Enrico Fermi
1901-1954

Born in Rome, 1901. Educated at the Reala Scuola Normale in Pisa, 1918-22, Ph.D. 1922 with an experimental dissertation on X-ray physics. Fellowship with Max Born in Göttingen, 1923, Leyden in 1924. Faculty at the Firenze, 1925. Professor at the University of Rome, 1926-39. Moved to the U.S. as Professor of Physics, Columbia University, 1939. Named to the Royal Academy (Academia Lencei), Italy, 1929. Nobel Prize for Physics, 1938, for work on transuranic elements using neutron bombardment. Metallurgical Laboratory, University of Chicago, 1942-44. Manhattan Project, Los Alamos, 1944-45. Professor of Physics, University of Chicago, 1946-54.

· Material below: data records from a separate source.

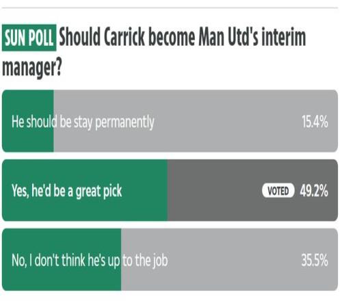 《太阳报》所做的调查显示,球迷也对卡里克谨慎看好,接近50%的参与调查者认为,卡里克是曼联临时主教练的上佳人选。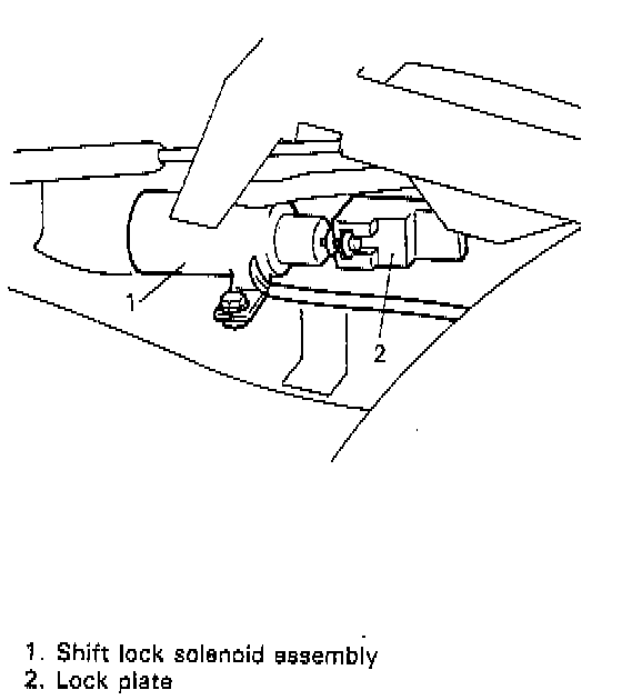 ^ Check to confirm that lock plate is pulled in when ignition key is turned to "ON" and brake pedal is depressed, so allowing detent pin to be pushed down.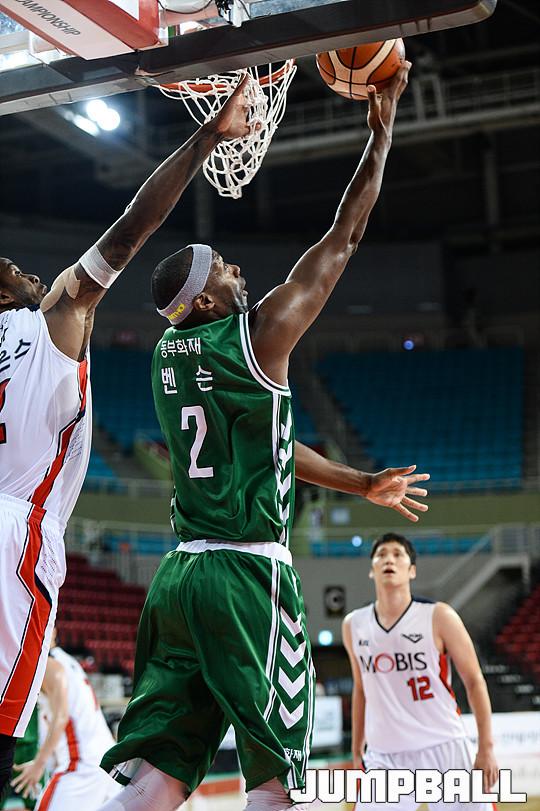 3일 인천 삼산체육관에서 열린 '2015 KCC 아시아 프로농구 챔피언쉽' 원주 동부와 울산 모비스의 경기, 동부 로드 벤슨이 슛을 시도하고 있다.

Early work on general relativity. Introduced Fermi statistics on the basis of the Pauli exclusion principle in the old quantum theory, 1926. Quantized the electromagnetic field, 1930, using a different approach from Dirac. Introduced the Fermi theory of beta decay, 1933. Experimental work on the production of transuranic elements, nuclear fission, other nuclear problems, 1934-42. Designed, supervised first nuclear reactor at the Metallurgical Laboratory. Worked on meson production and scattering, isospin conservation, pion-nucleon resonances, 1951-54. Other work on cosmic ray physics (the Fermi acceleration mechanism), Fermi model for particle production in high-energy collisions.